Studies show this isn’t rare. People taking 2,000 mg or more of metformin daily have up to a 30% drop in B12 absorption. And the longer you’re on it, the worse it gets. For every extra gram of metformin you take each day, your risk of deficiency more than doubles. After 4 to 5 years, your body’s B12 stores-normally enough to last years-start running dangerously low. By year 10, nearly half of long-term users are deficient.

It gets worse if you’re also taking proton-pump inhibitors (PPIs) like omeprazole for heartburn. These drugs reduce stomach acid, which is needed to free B12 from food. Combine that with metformin, and you’ve got a double hit. Research shows up to 40% of people on both medications develop deficiency.

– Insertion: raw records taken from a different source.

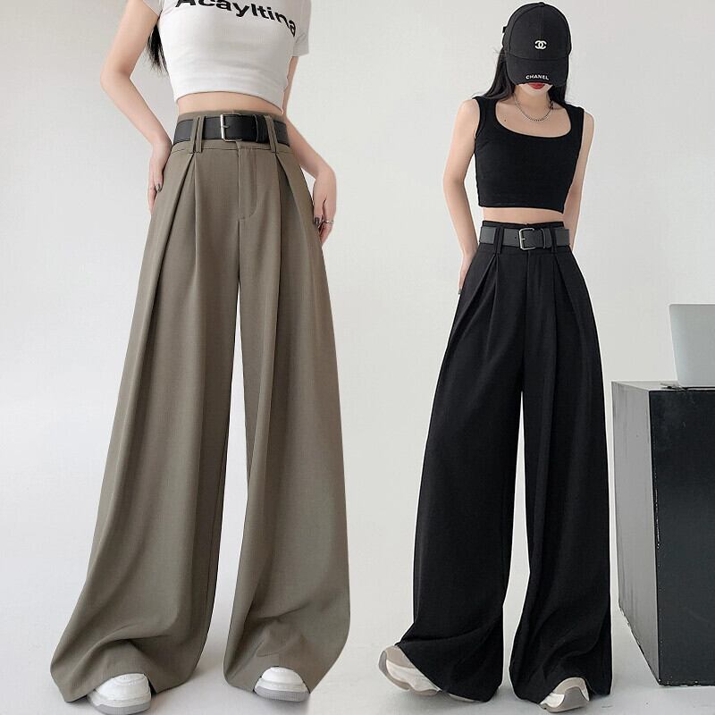グレーストレートスーツパンツ女性 2024 春夏の新作ハイエンドドレープファッションルーズカジュアルフロアレングスワイドレッグパンツ スプリング 春物 サマー 夏物 7460021563188505 | framboise21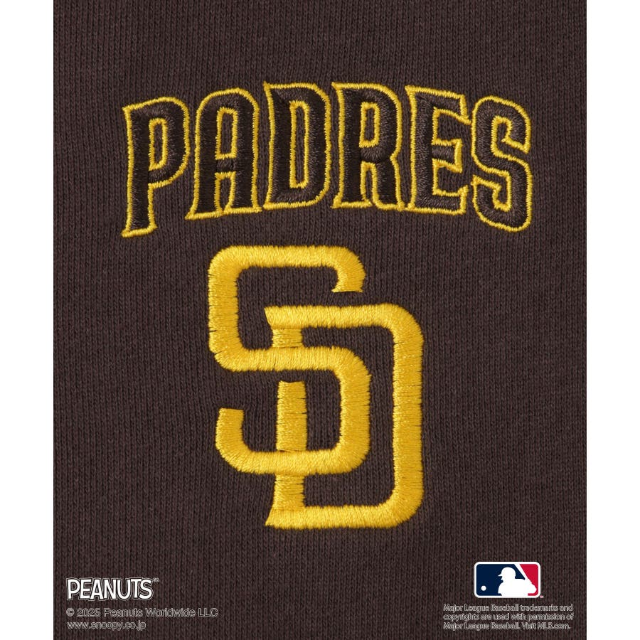 ・パドレスはブラウンイエローのチームカラーが今年のトレンド感に合うので胸元に目立つよう、程よいサイズ感で刺繍。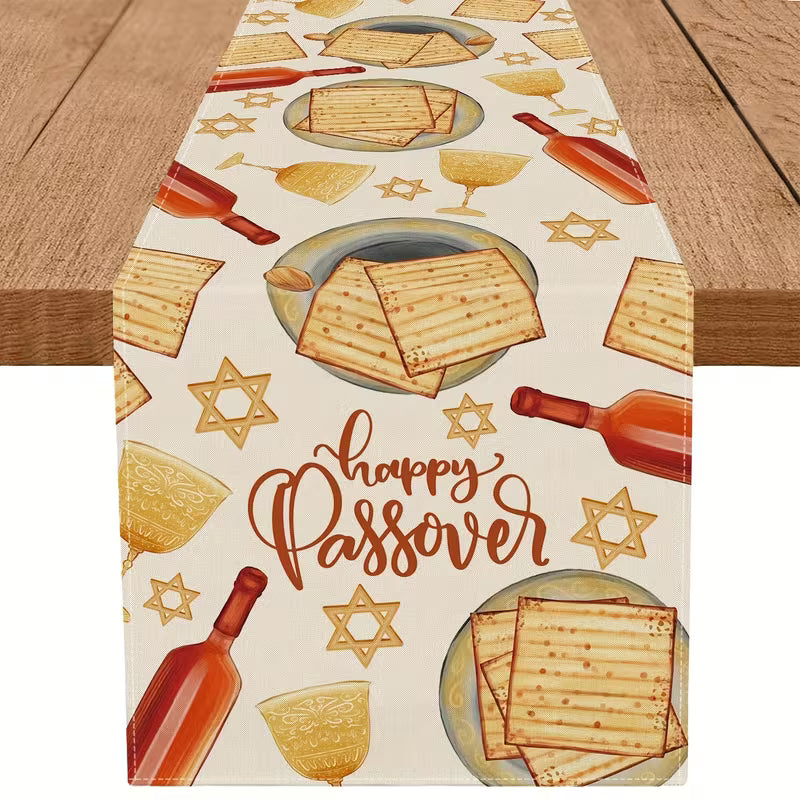 Transform your Seder table into a festive celebration with this elegant Pesach table runner. Featuring traditional holiday motifs and refined design, it brings warmth and spiritual significance to your Pesach gathering.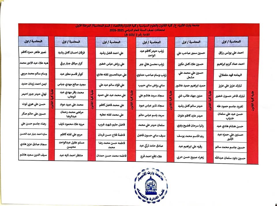 Warith Al-Anbiya University - where we graduate professional accountants with theoretical knowledge and a practical approach, capable of analyzing financial data and contributing to supporting businesses and institutions according to modern standards.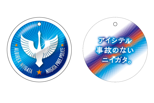 新潟県警察と協力して実施する広報活動の一環で企画したコラボ反射材ストラップが完成し、9月25日(日)大宮アルディージャ戦の試合会場で先着12,000名様に配布することとなりましたので、お知らせいたします。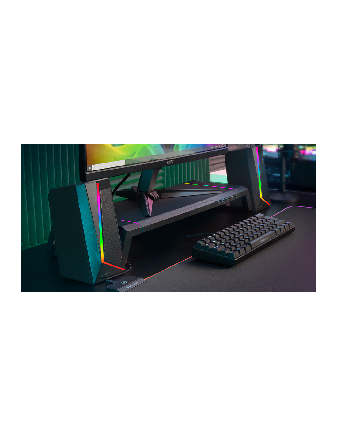 مكبرات الصوت المدهشة بقوة 20 وات، معالج الصوت المتقدم DSP مع التفاعل المكاني متعدد المستويات والجهير المحسن، نظام الإضاءة الديناميكي RGB المدهش والاتصال الكامل جاك + بلوتوث 5.0.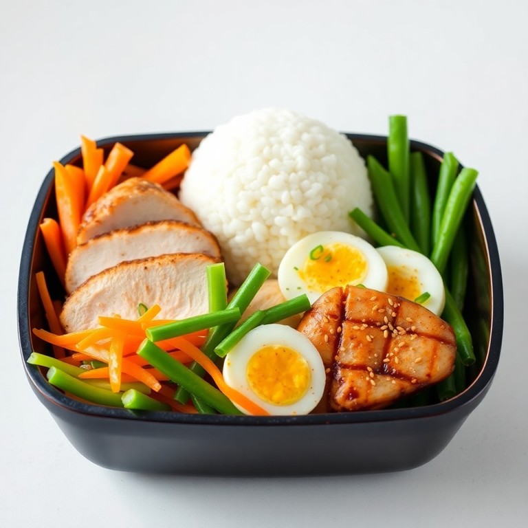 Bento di Riso e Pollo alla Griglia con Verdure Croccanti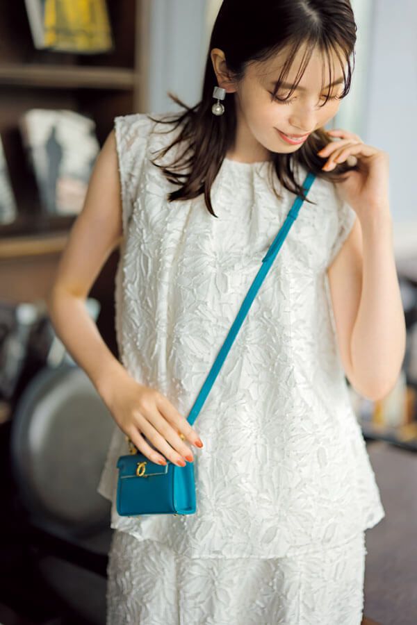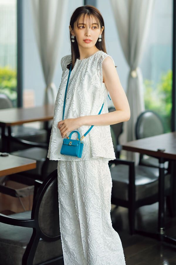 ブラウス¥17,600、パンツ¥20,900/ともにCELFORD イヤリング¥9,900/アビステ バッグ¥242,000/ロウナー ロンドン(H.I.T) 靴¥18,150/ダイアナ(ダイアナ 銀座本店)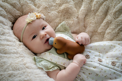 This iconic Aussie animal is sure to make a splash during a baby's playtime. The design features a little bell that rattles inside to delight, and its lovely bill provides a soothing place to relieve teething gums.

The Silent Symptoms Nobody Talks About

Here’s the scary part: B12 deficiency doesn’t show up as anemia right away. In fact, the first signs are often neurological-and they look just like diabetic neuropathy.

  • Constant fatigue, even when your blood sugar is under control
  • Numbness or tingling in your hands and feet
  • Muscle weakness that gets worse over time
  • A sore, red tongue or mouth ulcers
  • Blurred vision or trouble focusing
  • Pale or yellowish skin

One patient on a UK diabetes forum shared that after 8 years on metformin, she was told her leg pain and numbness were just “worsening diabetes.” Her B12 level was 128 pmol/L-well below the normal range of 221 pmol/L. After six months of B12 injections, her symptoms improved dramatically. Another Reddit user described a five-year journey before doctors finally caught his B12 deficiency, by which time he had developed irreversible spinal cord damage called subacute combined degeneration.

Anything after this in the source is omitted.